> **Exercise prompt**: Give again, word for word, every line in the entries below from the line with "Unidentified Civil War" up to and including the line with "Upon entering, you", and no other line.

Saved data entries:

"""

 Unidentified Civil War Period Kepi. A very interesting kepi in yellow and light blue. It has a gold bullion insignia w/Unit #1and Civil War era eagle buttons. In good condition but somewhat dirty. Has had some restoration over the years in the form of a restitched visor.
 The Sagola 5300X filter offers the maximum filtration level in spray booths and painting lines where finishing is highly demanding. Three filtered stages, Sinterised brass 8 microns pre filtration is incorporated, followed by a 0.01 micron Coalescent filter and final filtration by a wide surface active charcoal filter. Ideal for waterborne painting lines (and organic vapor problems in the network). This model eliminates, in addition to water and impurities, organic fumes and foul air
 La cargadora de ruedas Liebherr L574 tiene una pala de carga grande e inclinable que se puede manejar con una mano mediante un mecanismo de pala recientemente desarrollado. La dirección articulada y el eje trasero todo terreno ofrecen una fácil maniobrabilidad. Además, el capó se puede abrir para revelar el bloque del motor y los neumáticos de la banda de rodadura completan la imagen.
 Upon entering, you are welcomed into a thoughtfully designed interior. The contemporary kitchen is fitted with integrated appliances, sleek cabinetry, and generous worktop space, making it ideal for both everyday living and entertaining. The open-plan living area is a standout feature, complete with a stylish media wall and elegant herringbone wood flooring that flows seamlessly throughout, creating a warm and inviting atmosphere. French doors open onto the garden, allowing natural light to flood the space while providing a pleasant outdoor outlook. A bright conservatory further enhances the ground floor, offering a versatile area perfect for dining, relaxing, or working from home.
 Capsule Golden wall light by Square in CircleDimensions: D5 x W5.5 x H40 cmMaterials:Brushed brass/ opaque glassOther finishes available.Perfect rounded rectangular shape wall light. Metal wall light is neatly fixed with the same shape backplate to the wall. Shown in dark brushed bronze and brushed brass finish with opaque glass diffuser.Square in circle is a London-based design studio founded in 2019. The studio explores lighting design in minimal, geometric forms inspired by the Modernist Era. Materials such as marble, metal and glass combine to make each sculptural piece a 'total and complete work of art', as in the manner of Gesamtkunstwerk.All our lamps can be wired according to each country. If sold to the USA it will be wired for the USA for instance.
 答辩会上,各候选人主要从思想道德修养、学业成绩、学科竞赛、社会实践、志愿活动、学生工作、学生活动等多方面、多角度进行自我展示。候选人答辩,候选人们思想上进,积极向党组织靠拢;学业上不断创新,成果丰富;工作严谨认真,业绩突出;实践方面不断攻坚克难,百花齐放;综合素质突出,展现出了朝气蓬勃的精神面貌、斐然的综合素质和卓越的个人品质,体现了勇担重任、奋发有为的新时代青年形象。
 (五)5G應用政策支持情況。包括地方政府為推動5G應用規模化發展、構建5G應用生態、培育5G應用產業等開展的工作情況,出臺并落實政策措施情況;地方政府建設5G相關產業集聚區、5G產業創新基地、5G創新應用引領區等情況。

"""
"""

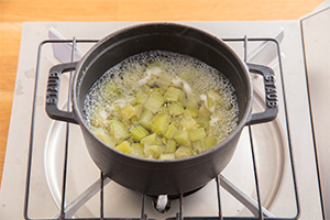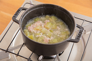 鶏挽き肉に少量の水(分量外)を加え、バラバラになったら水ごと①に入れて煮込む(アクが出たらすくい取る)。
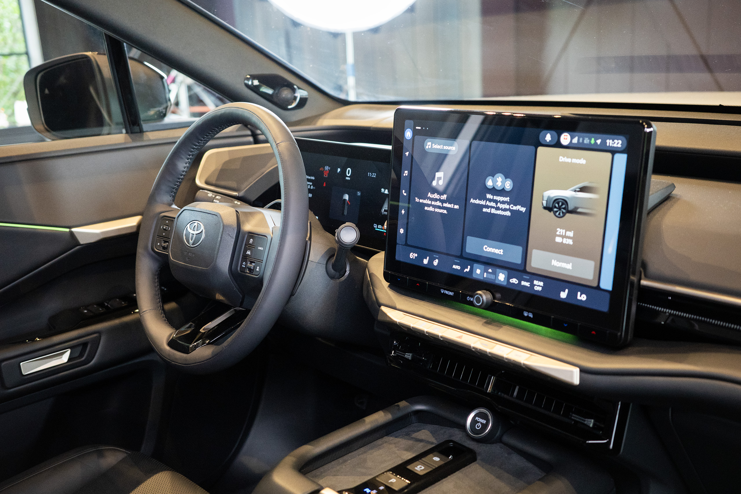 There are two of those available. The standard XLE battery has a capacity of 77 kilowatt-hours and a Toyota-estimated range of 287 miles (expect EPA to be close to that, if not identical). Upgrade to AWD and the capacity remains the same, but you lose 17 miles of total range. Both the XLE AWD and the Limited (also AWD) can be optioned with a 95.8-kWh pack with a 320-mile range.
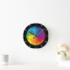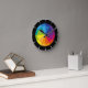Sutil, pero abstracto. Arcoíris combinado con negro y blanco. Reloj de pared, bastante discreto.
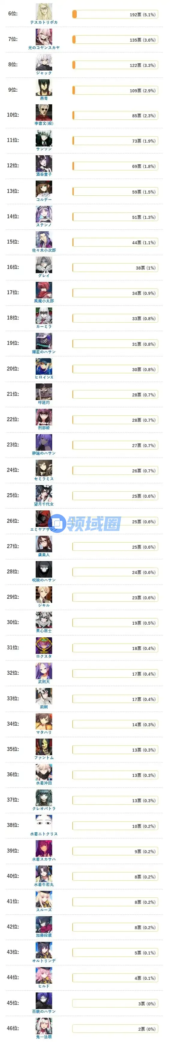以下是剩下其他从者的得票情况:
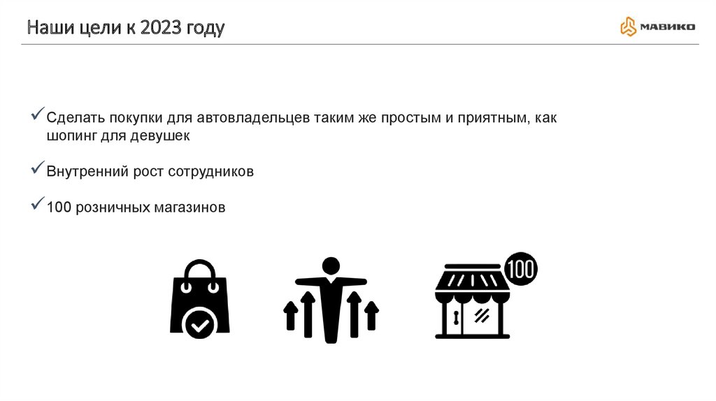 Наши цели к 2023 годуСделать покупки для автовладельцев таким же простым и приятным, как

"""
"""

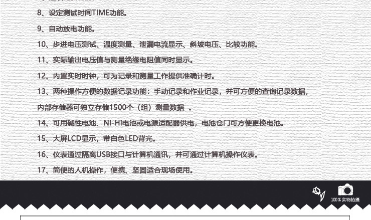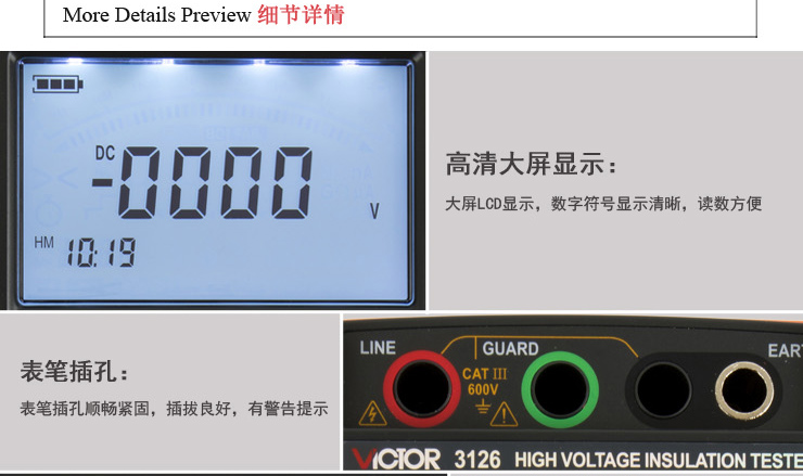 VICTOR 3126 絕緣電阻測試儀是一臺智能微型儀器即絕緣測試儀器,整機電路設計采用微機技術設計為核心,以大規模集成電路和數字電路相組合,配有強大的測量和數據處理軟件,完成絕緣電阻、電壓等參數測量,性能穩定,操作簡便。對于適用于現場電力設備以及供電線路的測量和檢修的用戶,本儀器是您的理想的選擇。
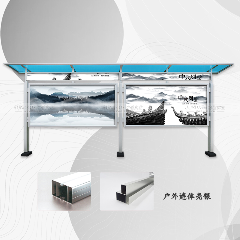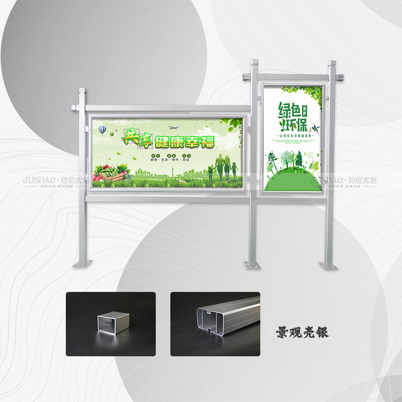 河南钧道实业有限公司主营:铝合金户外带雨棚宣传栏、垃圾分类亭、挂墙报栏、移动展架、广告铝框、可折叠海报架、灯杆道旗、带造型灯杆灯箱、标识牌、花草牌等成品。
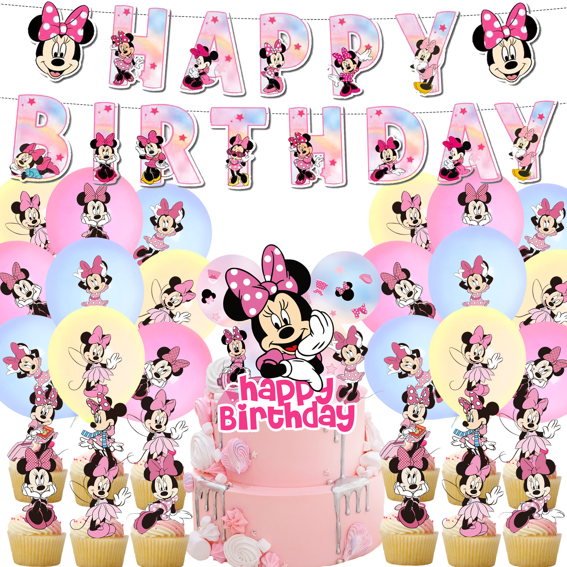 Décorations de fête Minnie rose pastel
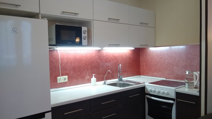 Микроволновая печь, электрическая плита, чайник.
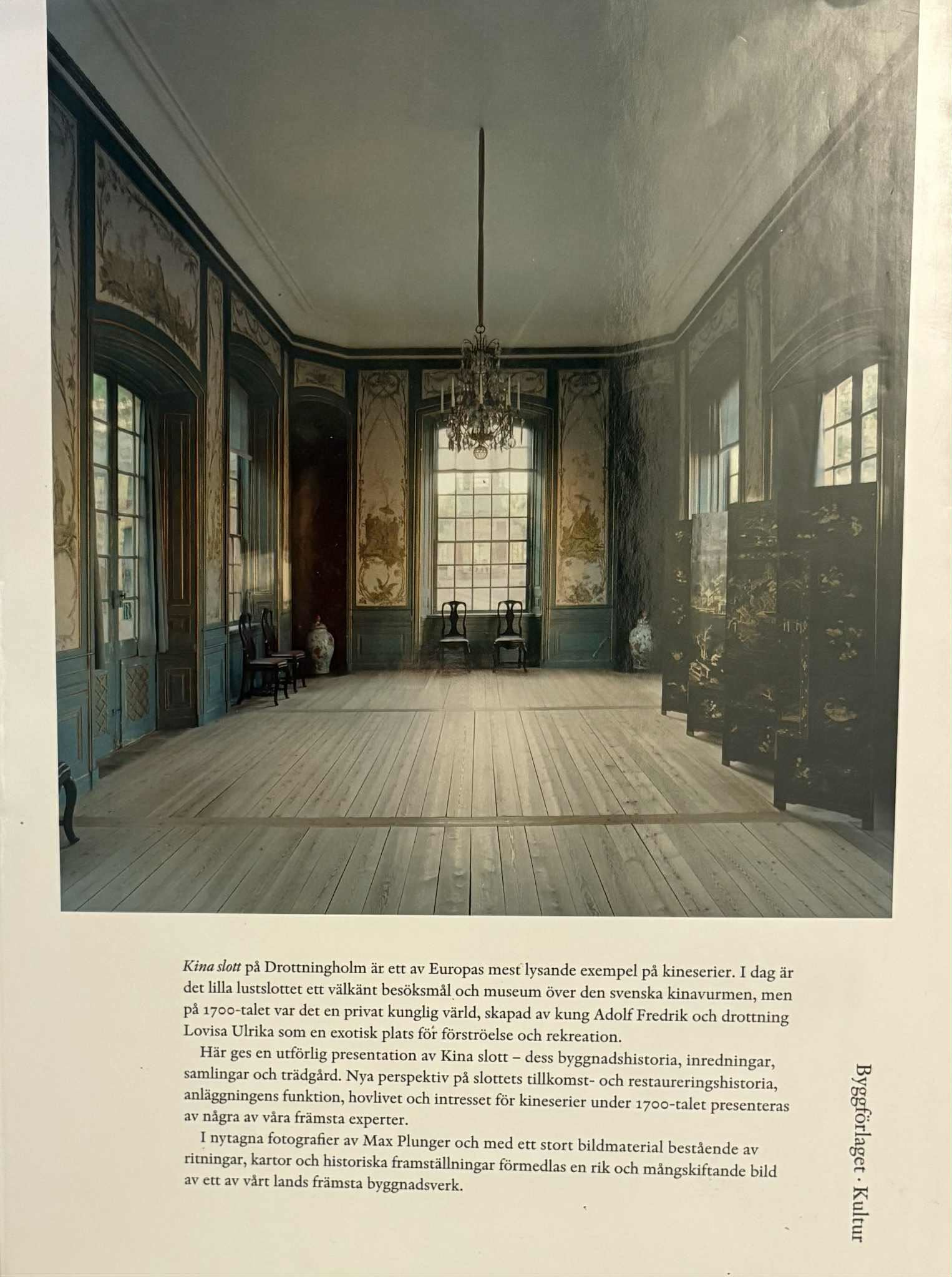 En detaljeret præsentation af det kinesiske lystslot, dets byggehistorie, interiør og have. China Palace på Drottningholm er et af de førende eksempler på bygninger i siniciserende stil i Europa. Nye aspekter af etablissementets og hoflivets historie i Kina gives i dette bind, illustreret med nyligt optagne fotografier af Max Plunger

"""

> **Worked solution**:
 Unidentified Civil War Period Kepi. A very interesting kepi in yellow and light blue. It has a gold bullion insignia w/Unit #1and Civil War era eagle buttons. In good condition but somewhat dirty. Has had some restoration over the years in the form of a restitched visor.
 The Sagola 5300X filter offers the maximum filtration level in spray booths and painting lines where finishing is highly demanding. Three filtered stages, Sinterised brass 8 microns pre filtration is incorporated, followed by a 0.01 micron Coalescent filter and final filtration by a wide surface active charcoal filter. Ideal for waterborne painting lines (and organic vapor problems in the network). This model eliminates, in addition to water and impurities, organic fumes and foul air
 La cargadora de ruedas Liebherr L574 tiene una pala de carga grande e inclinable que se puede manejar con una mano mediante un mecanismo de pala recientemente desarrollado. La dirección articulada y el eje trasero todo terreno ofrecen una fácil maniobrabilidad. Además, el capó se puede abrir para revelar el bloque del motor y los neumáticos de la banda de rodadura completan la imagen.
 Upon entering, you are welcomed into a thoughtfully designed interior. The contemporary kitchen is fitted with integrated appliances, sleek cabinetry, and generous worktop space, making it ideal for both everyday living and entertaining. The open-plan living area is a standout feature, complete with a stylish media wall and elegant herringbone wood flooring that flows seamlessly throughout, creating a warm and inviting atmosphere. French doors open onto the garden, allowing natural light to flood the space while providing a pleasant outdoor outlook. A bright conservatory further enhances the ground floor, offering a versatile area perfect for dining, relaxing, or working from home.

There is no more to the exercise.